An official announcement on May 21 revealed that Chinese President Xi Jinping will be visiting the United States in June, where he will meet with U.S. President Barack Obama at a Californian retreat. The visit is a fitting end to the first round of diplomatic outreach by the new Chinese leadership.
Qin Gang, a spokesperson for the Chinese Ministry of Foreign Affairs, announced the itinerary for Xi’s second overseas trip since taking office. Qin said that the president would be visiting three countries – Trinidad and Tobago, Costa Rica, Mexico – from May 31 to June 6, and would then meet with Obama at the Annenberg Retreat in Rancho Mirage, California on June 7-8.
The highlight of the trip is undoubtedly the Sino-U.S. summit.
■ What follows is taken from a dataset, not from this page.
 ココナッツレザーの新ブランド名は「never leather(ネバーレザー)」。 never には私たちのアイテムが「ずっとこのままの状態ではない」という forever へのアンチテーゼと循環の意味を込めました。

According to Qin, the two leaders will “have an extensive and in-depth exchange of views on bilateral relations as well as international and regional issues of common interest. It is believed that this meeting is important to the long-term, sound and steady development of China-US relations as well as regional and international peace, stability and prosperity.” Qin also noted that National Security Advisor Tom Donilon will visit China from May 26 to 28, to prepare for the summit.
This news has been quite sudden, but it allows us to identify some characteristics of current Sino-US relations.
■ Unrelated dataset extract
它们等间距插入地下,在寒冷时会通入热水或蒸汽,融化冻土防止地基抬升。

First, it was interesting to note how little coverage of the visit there was prior to the official announcement, even in the usually well-informed international media. In fact, the summit is to be held somewhat earlier than expected. That suggests both sides were careful in their preparations and attention.
Second, the fact that planning for the visit involves the U.S. National Security Advisor and his counterparts in China indicates that security is an important objective of this visit, rather than the usual focus on general political, economic and cultural issues that might be associated with a state visit.
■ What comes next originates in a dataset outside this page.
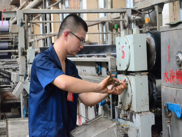 炎炎夏日里,人要時時注意防暑降溫,設(shè)備亦然。夏季車間溫度高,濕度重,對設(shè)備的維護保養(yǎng)要比其它季節(jié)更重要。一上班,面一車間設(shè)備人員李洪凱和師父韓海濤就開始了對車間印染設(shè)備的維護保養(yǎng)工作。清潔設(shè)備表面、檢查緊固零部件、檢查更換易磨損零件……內(nèi)容看似簡單,但只要把這些簡單的基礎(chǔ)性保養(yǎng)工作做好,就能大大減少設(shè)備的檢修工作量和檢修次數(shù),保障設(shè)備的順利運行。

Third, Xi visited the U.S. in February 2012 when he was vice president. The upcoming visit is coming only just over a year later and only two months after taking office. That’s quite unprecedented in the context of bilateral relations. Former President Hu Jintao took office in March 2003, but didn’t visit the U.S. until three years later in April 2006. Jiang Zemin became president in March 1993, and made his first U.S. visit four years later, in October 1997.
Finally, this is not a state visit. Xi and Obama will meet at the Annenberg Retreat in Rancho Mirage, California. The arrangement suggests a degree of maturity in the Sino-U.S. relations, and a chance to take the relationship to a new level.
Xi Jinping’s visit is the climax of a wave of diplomacy that has taken place in the 100 days since the new Chinese leadership took office.
Over the past three months, top Chinese officials including President Xi Jinping, Premier Li Keqiang, Vice President Li Yuanchao, State Councilor for Foreign Affairs Yang Jiechi, and Foreign Minister Wang Yi have all taken trips abroad. Destinations have encompassed Africa and Latin America; Russia, Germany and other major powers, Tanzania and a number of smaller countries; both India and Pakistan as well as other Chinese neighbors; and traditional friends such as Venezuela.
Xi opened his travels with Russia, and so the U.S. trip is a fitting bookend. These visits underscore the importance Beijing places on relations with both Moscow and Washington, and its interest in keeping those ties steady. It also offers evidence of China’s commitment to multi-faceted – or “all-directional” – great power diplomacy.